Two "chatbots" -- programmes designed to simulate conversation between humans -- had been set up to practise and develop trading skills.
Soon after the programmes started negotiating with each other, they developed their own simplified version of English which quickly became incomprehensible to the researchers supervising them.
This sobering development is a long way along the technological scale from the innovations in personal protective equipment and health monitoring described in our feature on wearable technology in our September 2017 issue of IOSH Magazine. But the advances in cheap computing power and connectivity that make possible mass production of those sensor-based protective systems are also propelling the development of machines that learn and act on their learning.
AI too could offer great potential for making humankind safer, but it could also threaten unexpected consequences whose risks outweigh the benefits.
The physicist Professor Stephen Hawking warned in 2014 that AI would be likely to "take off on its own, and redesign itself at an ever-increasing rate". It's very hard to predict where such intelligence, linked to manufacturing capability or control systems, might end up.
To stop systems we set up to protect us deciding we are expendable for the greater good, we will need robust precautions. Ensuring they don't start conversing in languages we can't understand is not enough -- though it's not a bad place to start.
The problem is that scientists and industry are often more focused on pushing the boundaries of what is technologically possible than on defending the rest of us against the potential unintended consequences. That task is left to governments, which may not always have sufficient grasp of the implications of the scientific developments they are supposed to regulate.
In the US, there were celebrations among safety campaigners a few years ago when the National Institute for Occupational Safety and Health was awarded $5m (£3.1m) by the Obama administration for research into the workplace risks associated with nanomaterials.
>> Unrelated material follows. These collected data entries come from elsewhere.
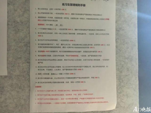 她说,在公司的《练习生管理规则手册》中,有12条涉及罚款。罚款1000元的事项包括:私加导师微信、私人社交软件发布内容屏蔽公司、发布违规内容、体重数据比上周重1斤。“我没被罚过款,但因为擅自跑回宿舍拿衣服被罚在地上滚100圈。”小婷说。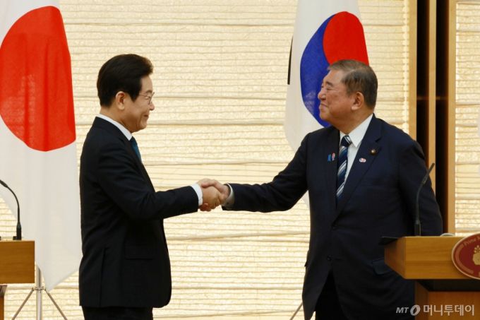 [도쿄=뉴시스] 고범준 기자 = 이재명 대통령과 이시바 시게루 일본 총리가 23일(현지 시간) 일본 도쿄 총리 관저에서 한일 공동언론발표를 마친 뒤 악수하고 있다. 2025.08.23. bjko@newsis.com /사진=고범준 |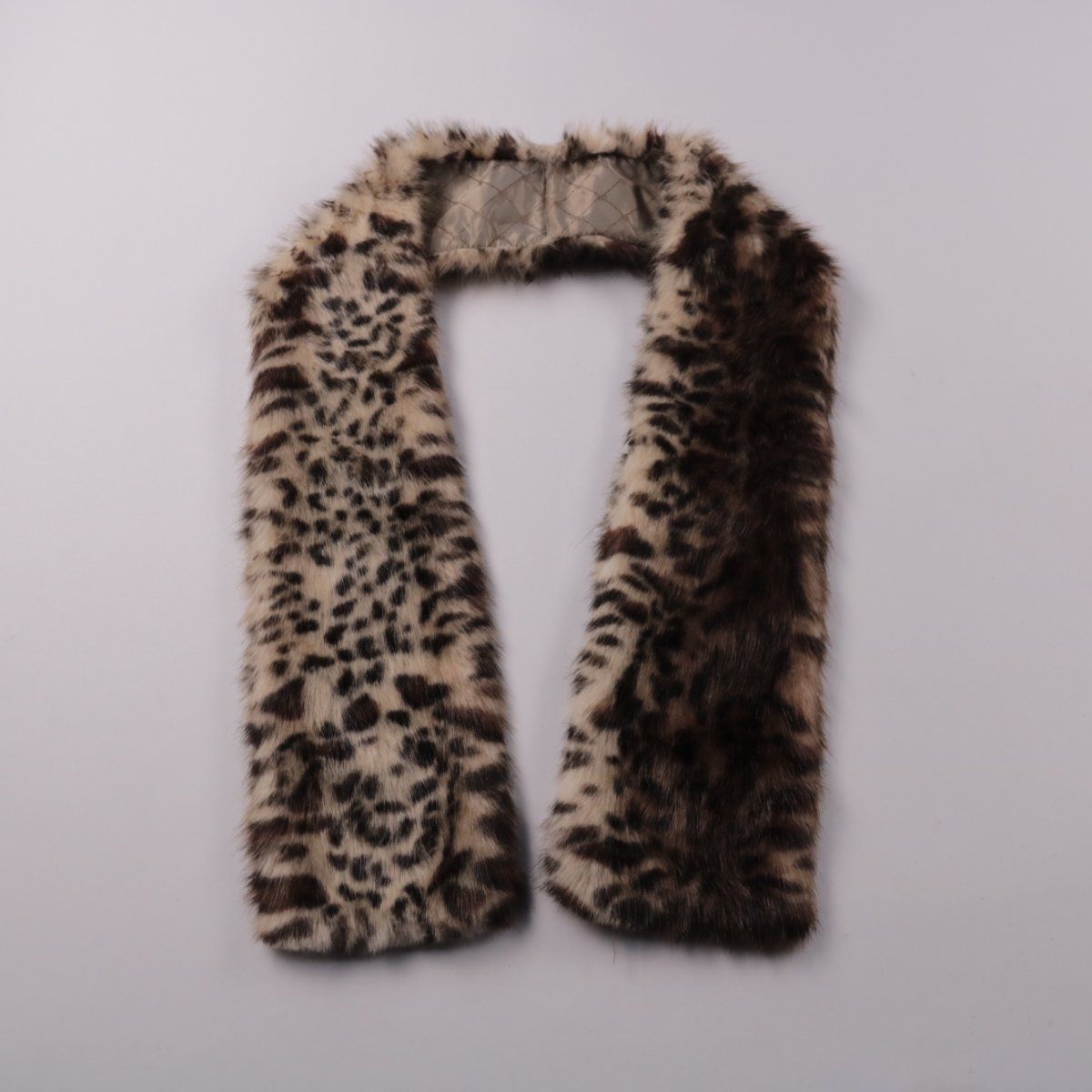 Меховой шарф с леопардовым принтом, без указания бренда. Подойдёт для зимних прогулок и как акцент к пальто или куртке. Тёплый и мягкий, удобно носить как воротник и защищает шею от ветра.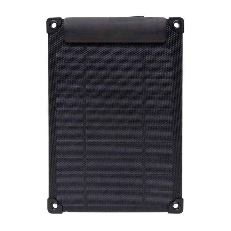 Přenosný solární panel 5 W umožňující přímé nabíjení zařízení jako jsou telefony, reproduktory, powerbanky a jiné. Panel stačí umístit na sluneční světlo a nabíjené zařízení připojit. Stupeň nabíjení vždy závisí na slunečních podmínkách. Panel využívá vysoce kvalitní monokrystalické solární panely s konverzním poměrem 21 %. Včetně USB A a USB C výstupů (max 5V/1A) a světelných indikátorů znázorňujících rychlost nabíjení. Rychlost solárního nabíjení: 5V/1 000 mA. Integrovaný stojánek pro nastavení ideálního úhli nabíjení. Vyrobeno z RCS recyklovaného ABS. Voděodolnost IPX 6. Baleno v FSC dárkovém balení.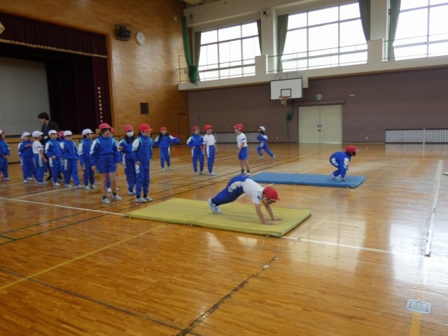 2年生は、跳び箱とマット運動です。手の力をしっかり使って運動していました。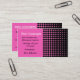Elegante tarjeta de visita de aspecto moderno con un patrón polka punto de color negro y rosa. Esto viene en varios colores. Esta tarjeta tiene muchos usos como tarjeta de visita de aspecto moderno. Empresas de alta tecnología, consultores de computación, consultores de redes, cualquier negocio moderno de alta tecnología que busque y un diseño fresco y arriesgado.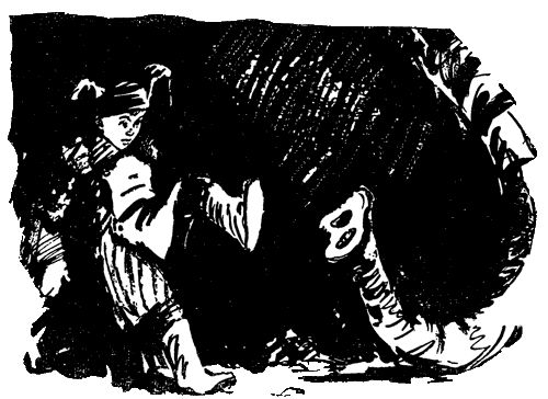 В это время над ним опять раздался отчаянный рев, и та стена, к которой он лежал прислонившись головой, закачалась. На лицо упала оттаявшая земля. Вася оглянулся и увидел, что справа, в самом углу, топчется огромная, как бревно, волосатая, с костяными наростами на ступне, определенно живая нога. Не помня себя Вася вскочил и отпрыгнул в противоположный конец ямы. Это спасло его, потому что почти сейчас же над ним метнулась темная змея. Прыжок отнял последние силы. Ноги подкашивались, в горле пересохло, сердце стучало медленно и глухо. Вася не выдержал и присел.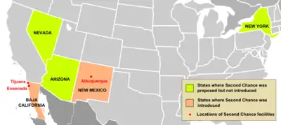 Between 1995 and 2009, Second Chance operated in prisons in Albuquerque, New Mexico, United States and in the Mexican cities of Tijuana and Ensenada. Its Mexican operations were closed down after it lost government funding. Its only U.S. operation was terminated in January 2009 by the mayor of Albuquerque. By that time it had received more than $1.5 million in public funding, but on closing it left debts of over $672,000 to the federal, state and city governments. Second Chance was proposed – but was rejected – for prisons in the states of Arizona, Nevada and New York.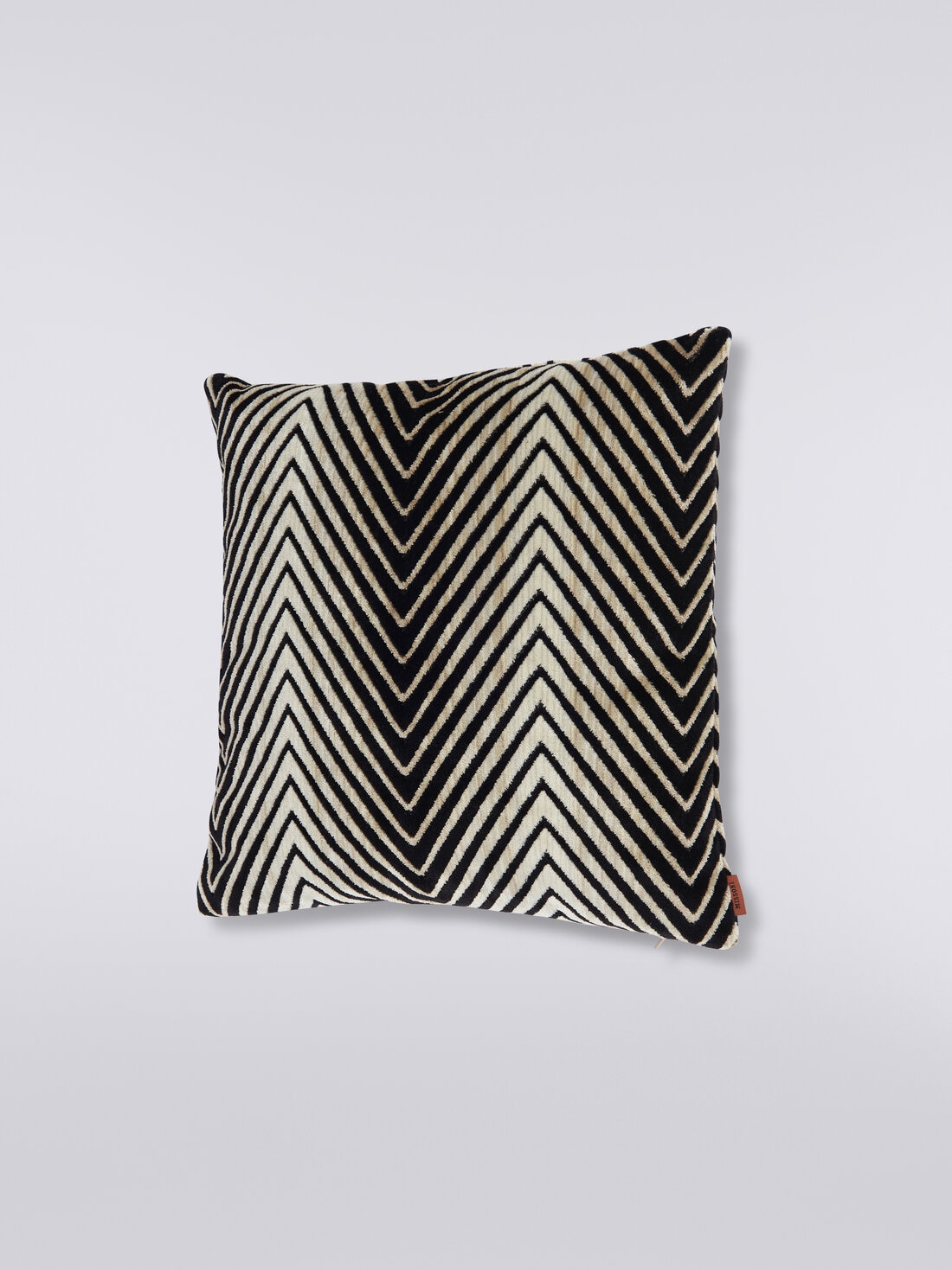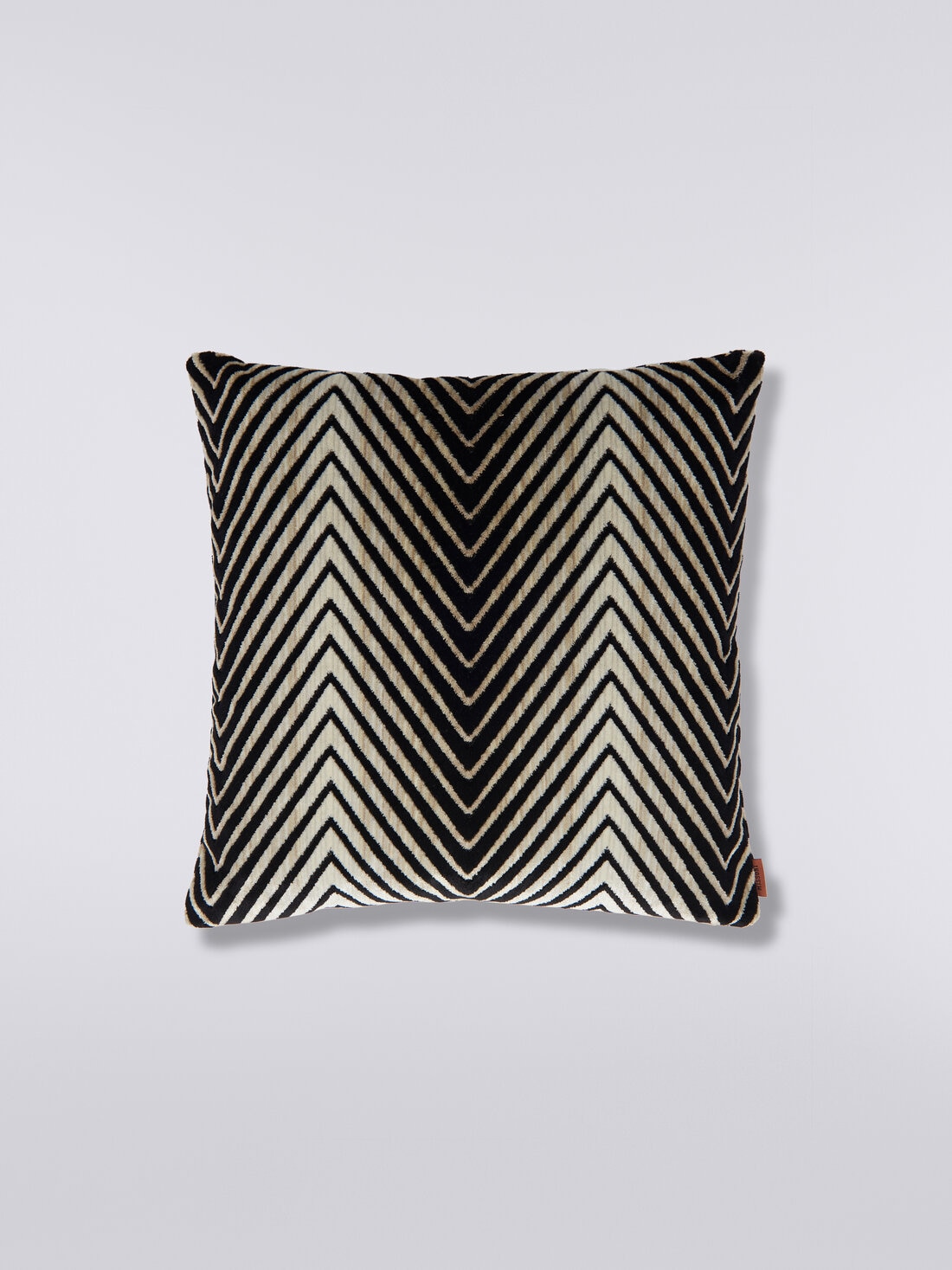 Un enigmatico susseguirsi di zig zag quasi selvaggi, con un tocco vellutato ed esotico, caratterizza il cuscino 40x40 cm in misto viscosa. Completo di piping tubolare e un'elegante etichetta logo, questo accessorio è perfetto per aggiungere un tocco di raffinato cosmopolitismo a qualsiasi ambiente, aggiungendo calore e stile con la sua presenza affascinante.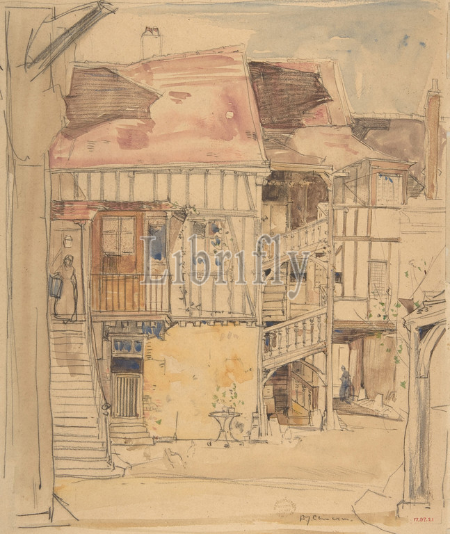 Courtyard, Blois, ca, 1885–1945, Watercolor, graphite, Sheet, 11 3/4, 9 5/8, 29.8, 24.5 cm, Drawings, Sir David Young Cameron, British, Glasgow, Scotland, 1865–1945, Perth
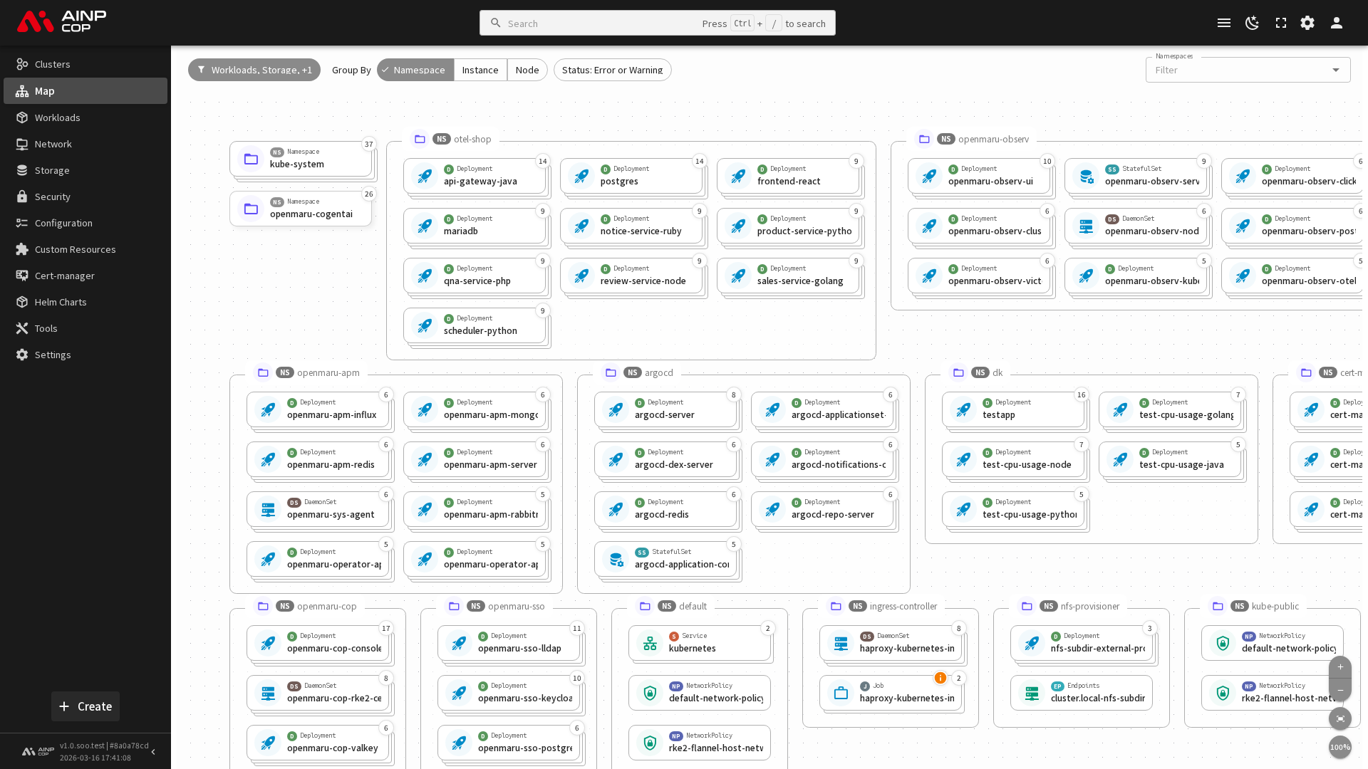 COP 콘솔의 '리소스 맵' 기능은 Kubernetes 클러스터 내 리소스 간의 관계를 그래프 형태로 시각화하여 보여줍니다. 이를 통해 사용자는 클러스터 내의 애플리케이션 및 인프라 구성 요소를 한눈에 파악하고, 문제 발생 시 관련 리소스를 신속하게 식별할 수 있습니다.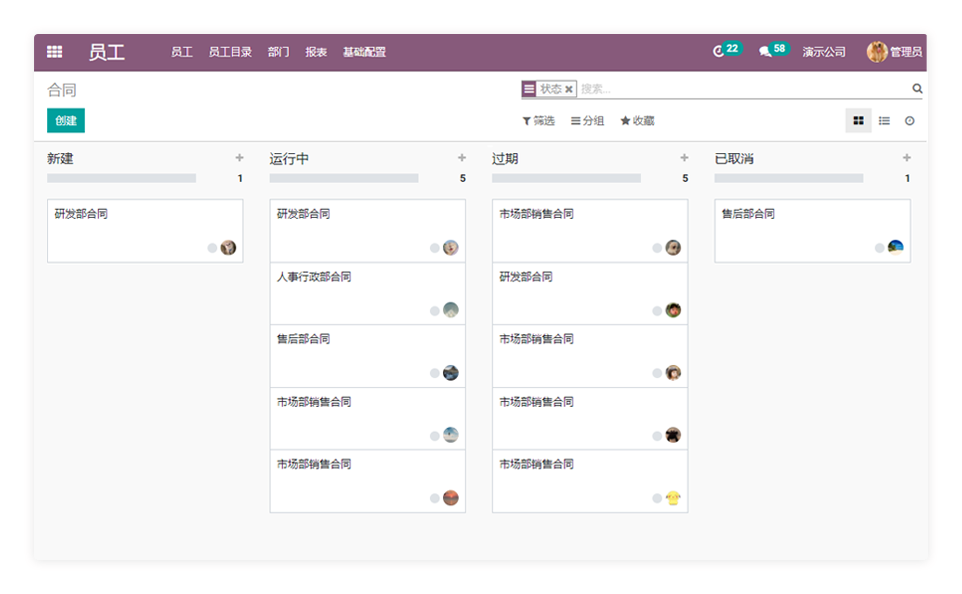合同 出勤 工时 工资条 休假 组织架构

But that sum seemed small beer compared with the $1.5bn (£900m) a year the government was pumping into non safety-related nanotechnology research.
Nanoparticles are small enough to pass through the body's defences such as the skin, the lungs and the blood-brain barrier. Some are a fraction of the size of welding fume particles; their widespread use in manufacturing would necessitate new levels of workplace control.
The author Ray Kurzweil has argued that our brains grasp the future in a linear fashion and struggle to anticipate exponential change. So the next decades may bring technological changes we find almost unimaginable. It would be comforting to know that somewhere smart people are imagining the attendant hazards and ways to control them.